■ **Task**:
With the pictures left out, write out the records verbatim.

■ **Provided records**:

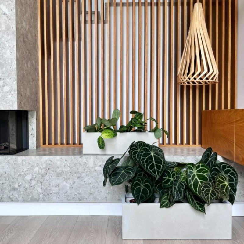 Кашпо из фиброглины Ecolite, 80 x 30 см, светло-серое, квадратное, POLNIX.
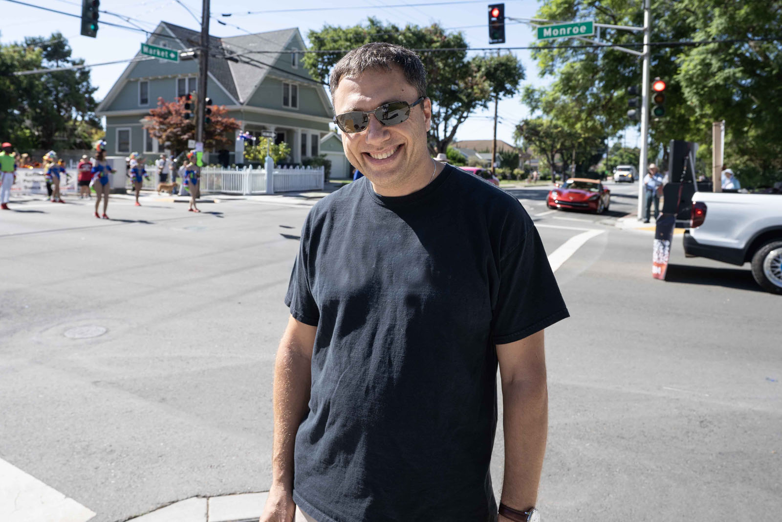 Przed paradą pan Luo z prowincji Liaoning w Chinach obchodził platformę Falun Dafa, robiąc zdjęcia. „To takie spektakularne! Ta parada jest wspaniała!
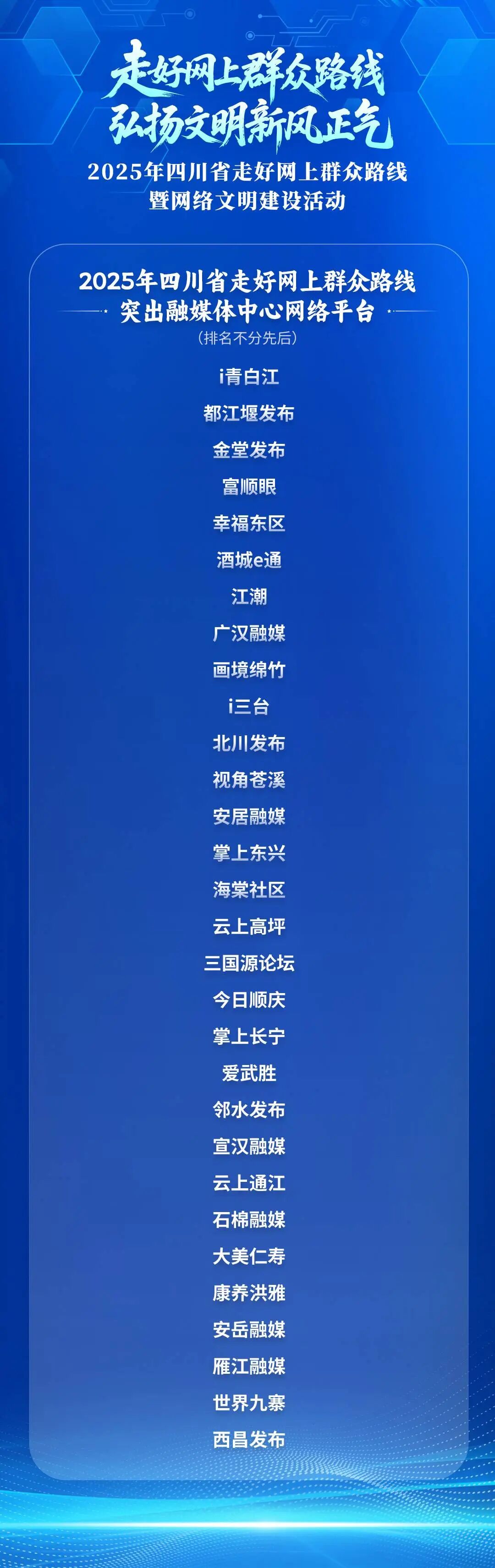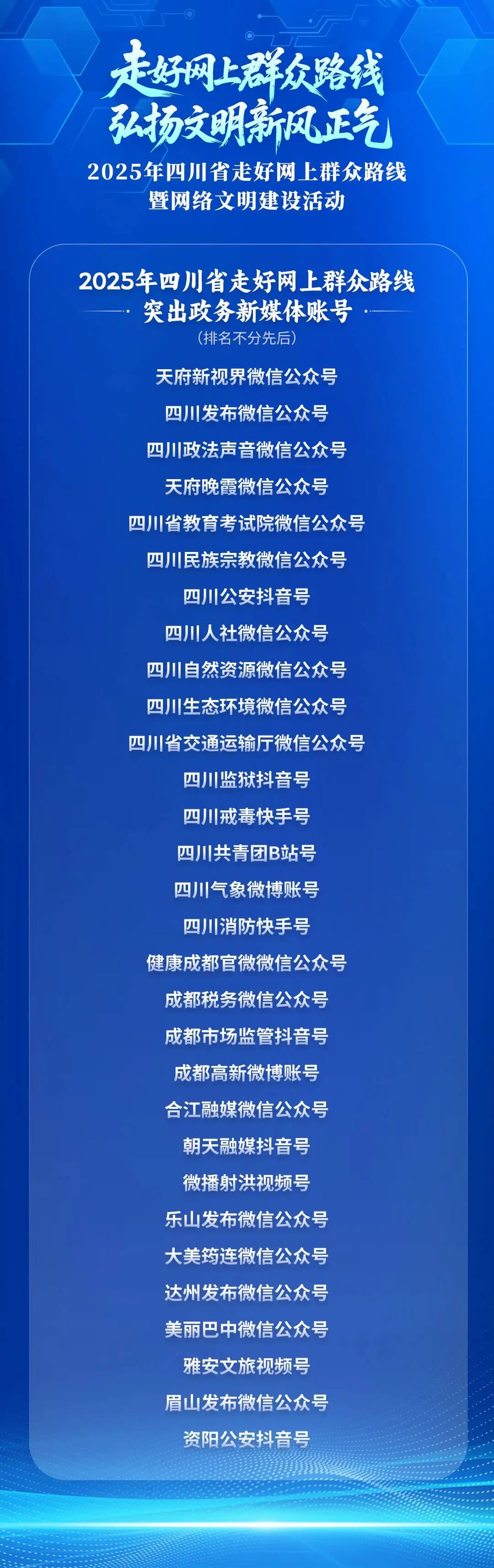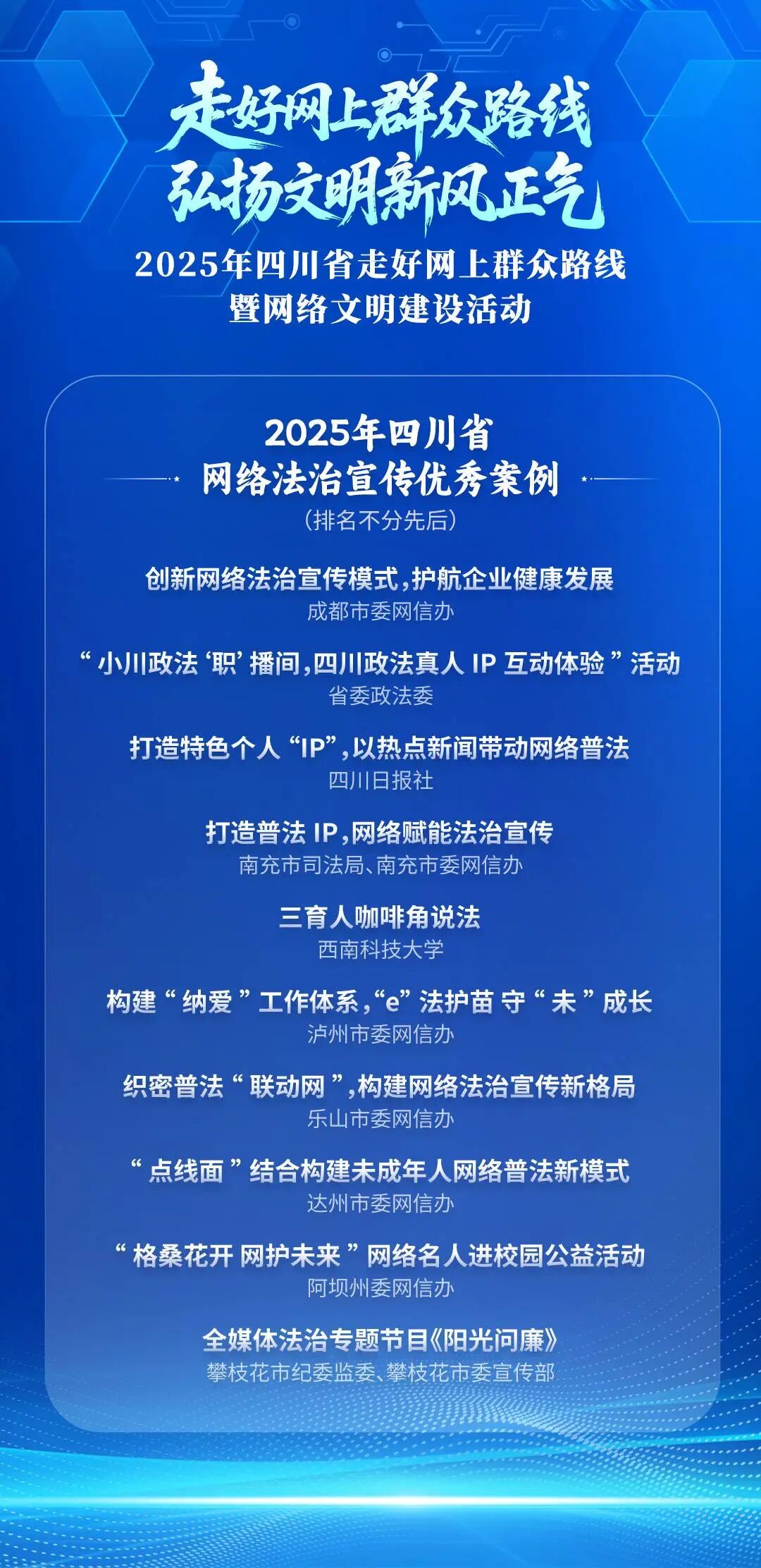 现场还为2025年走好网上群众路线突出政务新媒体账号、走好网上群众路线突出案例、走好网上群众路线突出融媒体中心网络平台、四川省网络法治宣传优秀案例、网络举报辟谣工作突出单位进行了颁奖,以典型引领激发各地各部门工作活力。
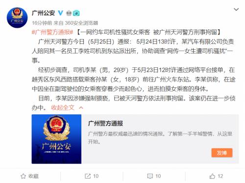 廣州天河警方今日(5月25日)通報: 5月24日13時許,某汽車有限公司負責人陪同其一名員工李姓司機到東站派出所,協助調查「網傳一女生遭司機騷擾」一事。
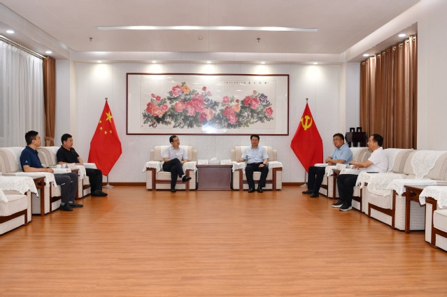 8月14日下午,学校省派“第一书记”派驻地五莲县委副书记(挂职)马文一行来校考察交流。副校长王承高,党委委员王世群、刘汉波参加活动。
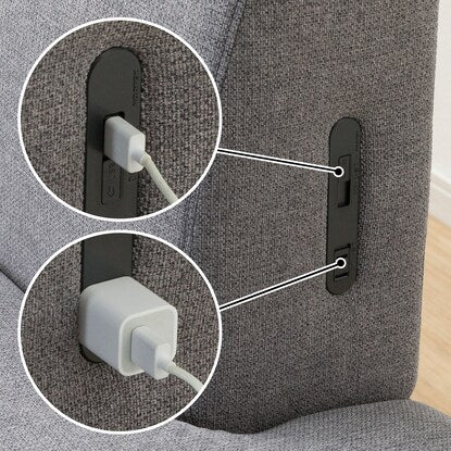 ソファの背もたれ側面には、コンセントとUSBが1口ずつあり、スマホの充電やパソコン作業、ゲームの電源として使用できます。
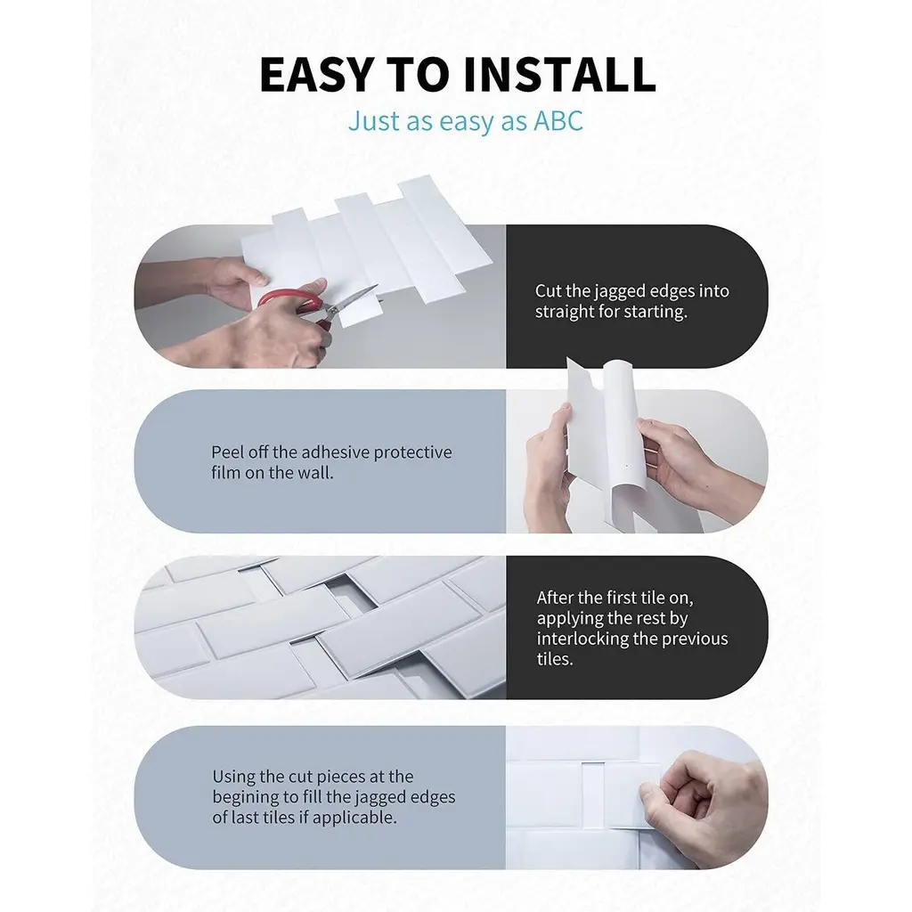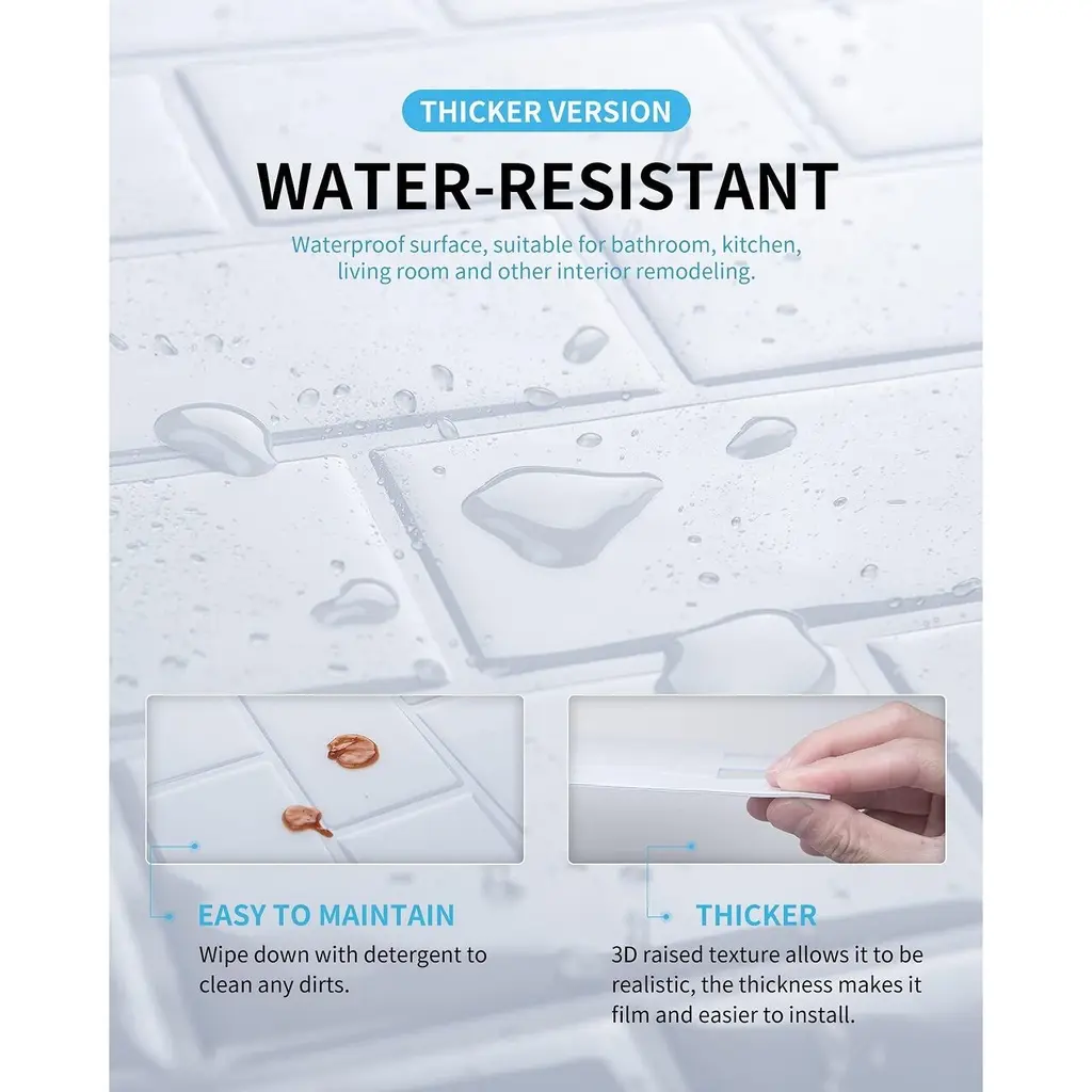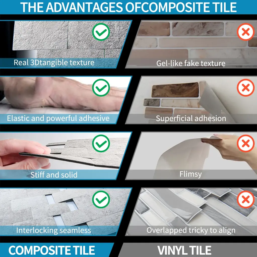 THICKER VERSION - The Art3d upgrated version tile is 2-3 times thicker than ordinary peel & stick tile, 2mm-2.5mm each, durable and solid tile, unlike soft sticker tiles STRONGER ADHESIVE - The Art3d upgraded version tile is 3X stronger backing glue than ordinary vinyl backsplash tile, not only stick firmly to the smooth & clean surface, but also available on lightly textured wall BIGGER SIZE - The size of the tile is 12"x12", which covers 40% more area than a 10"x10" tile does WATERPROOF & HEAT RESISTANT - Widely used in kitchen backsplash, kitchen island walls, bathroom backsplash, shower, fireplace, and installed behind the stove EASY DO IT YOURSELF - Just peel, interlock and stick. No need to overlap, no grout, no glue, no mess, no special tools and no experience needed
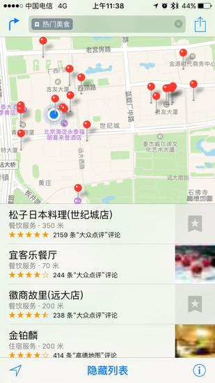 到了雅乐轩酒店基本上就快中午12点了,如果这时候你想搜索下周围的美食苹果地图也能够帮助你完成。
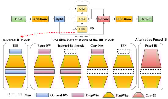 Schematic representation of the C2f-US and UIB structures. The upper portion illustrates the C2f-US architecture, while the lower portion depicts potential instantiations of the UIB block.
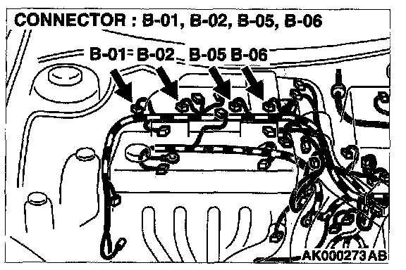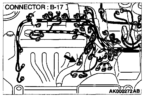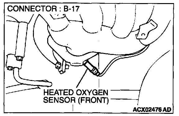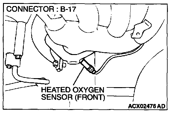 1. Disconnect the heated oxygen sensor (front) connector B- 17 and connect test harness special tool, MD998464 to the connector on the heated oxygen sensor (front) side.
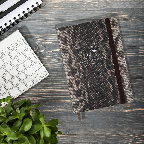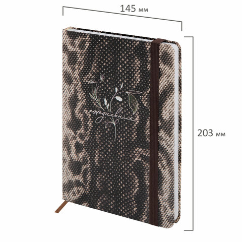 Ежедневник недатированный с резинкой А5 145х203 мм, BRAUBERG, твердый, 128 л., "Snake print", 116286
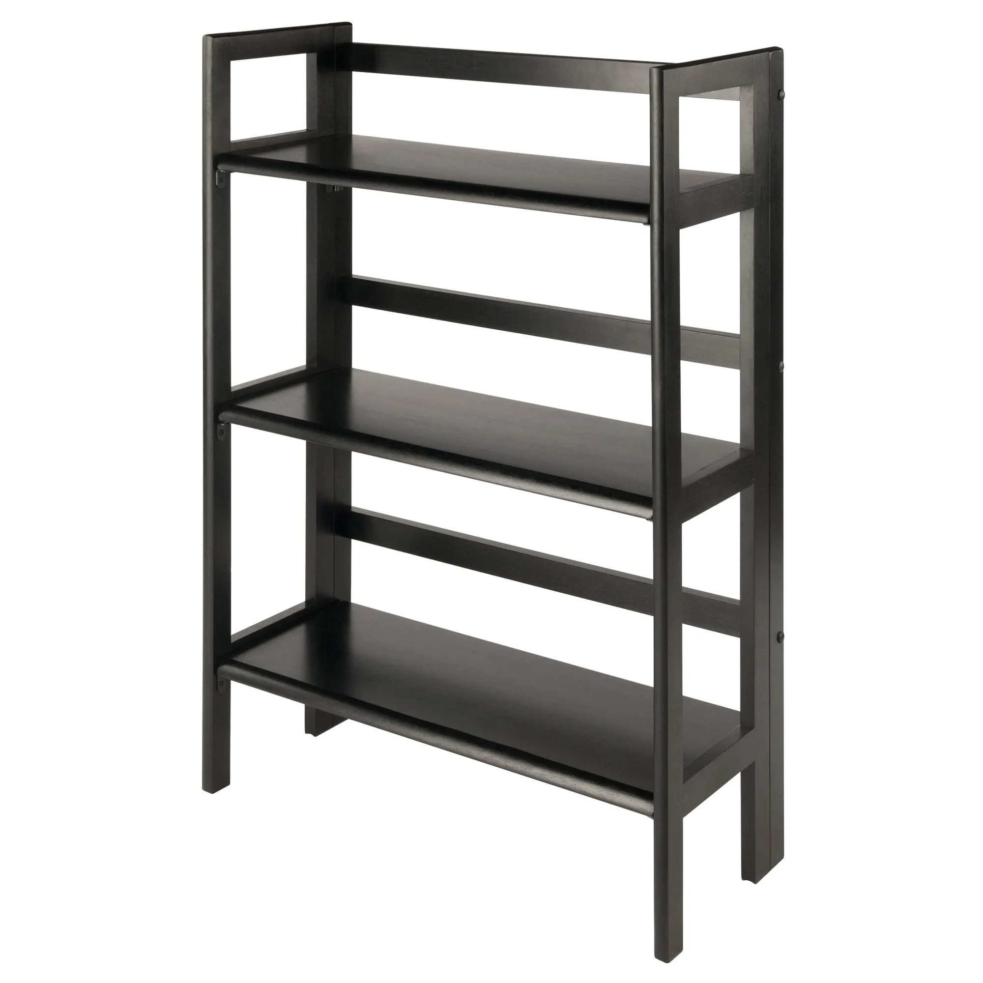 The Winsome Wood Terry Foldable Shelf is great storage for the space conscious user. Ideal for the laundry room or home office as this 3-tier shelf can be stacked up to two units to provide you with additional vertical storage space. Keep seasonal accessories handy in the closet, store the kid’s toys, or use as a standalone bookcase in the family or living room. So, whether you need it to store towels and laundry detergent in the laundry room, or books and collectibles in your home office, this shelf easily folds up and can be moved into another room or stored away taking up minimal space. Finished in black and made of solid wood for long-lasting durability. Conveniently shipped in one box, ready for assembly with hardware necessary included. Replacement parts can be requested directly to the manufacturer within 60 days from date of purchase.

■ **Solution to this problem**:
 Кашпо из фиброглины Ecolite, 80 x 30 см, светло-серое, квадратное, POLNIX.
 Przed paradą pan Luo z prowincji Liaoning w Chinach obchodził platformę Falun Dafa, robiąc zdjęcia. „To takie spektakularne! Ta parada jest wspaniała!
 现场还为2025年走好网上群众路线突出政务新媒体账号、走好网上群众路线突出案例、走好网上群众路线突出融媒体中心网络平台、四川省网络法治宣传优秀案例、网络举报辟谣工作突出单位进行了颁奖,以典型引领激发各地各部门工作活力。
 廣州天河警方今日(5月25日)通報: 5月24日13時許,某汽車有限公司負責人陪同其一名員工李姓司機到東站派出所,協助調查「網傳一女生遭司機騷擾」一事。
 8月14日下午,学校省派“第一书记”派驻地五莲县委副书记(挂职)马文一行来校考察交流。副校长王承高,党委委员王世群、刘汉波参加活动。
 ソファの背もたれ側面には、コンセントとUSBが1口ずつあり、スマホの充電やパソコン作業、ゲームの電源として使用できます。
 THICKER VERSION - The Art3d upgrated version tile is 2-3 times thicker than ordinary peel & stick tile, 2mm-2.5mm each, durable and solid tile, unlike soft sticker tiles STRONGER ADHESIVE - The Art3d upgraded version tile is 3X stronger backing glue than ordinary vinyl backsplash tile, not only stick firmly to the smooth & clean surface, but also available on lightly textured wall BIGGER SIZE - The size of the tile is 12"x12", which covers 40% more area than a 10"x10" tile does WATERPROOF & HEAT RESISTANT - Widely used in kitchen backsplash, kitchen island walls, bathroom backsplash, shower, fireplace, and installed behind the stove EASY DO IT YOURSELF - Just peel, interlock and stick. No need to overlap, no grout, no glue, no mess, no special tools and no experience needed
 到了雅乐轩酒店基本上就快中午12点了,如果这时候你想搜索下周围的美食苹果地图也能够帮助你完成。
 Schematic representation of the C2f-US and UIB structures. The upper portion illustrates the C2f-US architecture, while the lower portion depicts potential instantiations of the UIB block.
 1. Disconnect the heated oxygen sensor (front) connector B- 17 and connect test harness special tool, MD998464 to the connector on the heated oxygen sensor (front) side.
 Ежедневник недатированный с резинкой А5 145х203 мм, BRAUBERG, твердый, 128 л., "Snake print", 116286
 The Winsome Wood Terry Foldable Shelf is great storage for the space conscious user. Ideal for the laundry room or home office as this 3-tier shelf can be stacked up to two units to provide you with additional vertical storage space. Keep seasonal accessories handy in the closet, store the kid’s toys, or use as a standalone bookcase in the family or living room. So, whether you need it to store towels and laundry detergent in the laundry room, or books and collectibles in your home office, this shelf easily folds up and can be moved into another room or stored away taking up minimal space. Finished in black and made of solid wood for long-lasting durability. Conveniently shipped in one box, ready for assembly with hardware necessary included. Replacement parts can be requested directly to the manufacturer within 60 days from date of purchase.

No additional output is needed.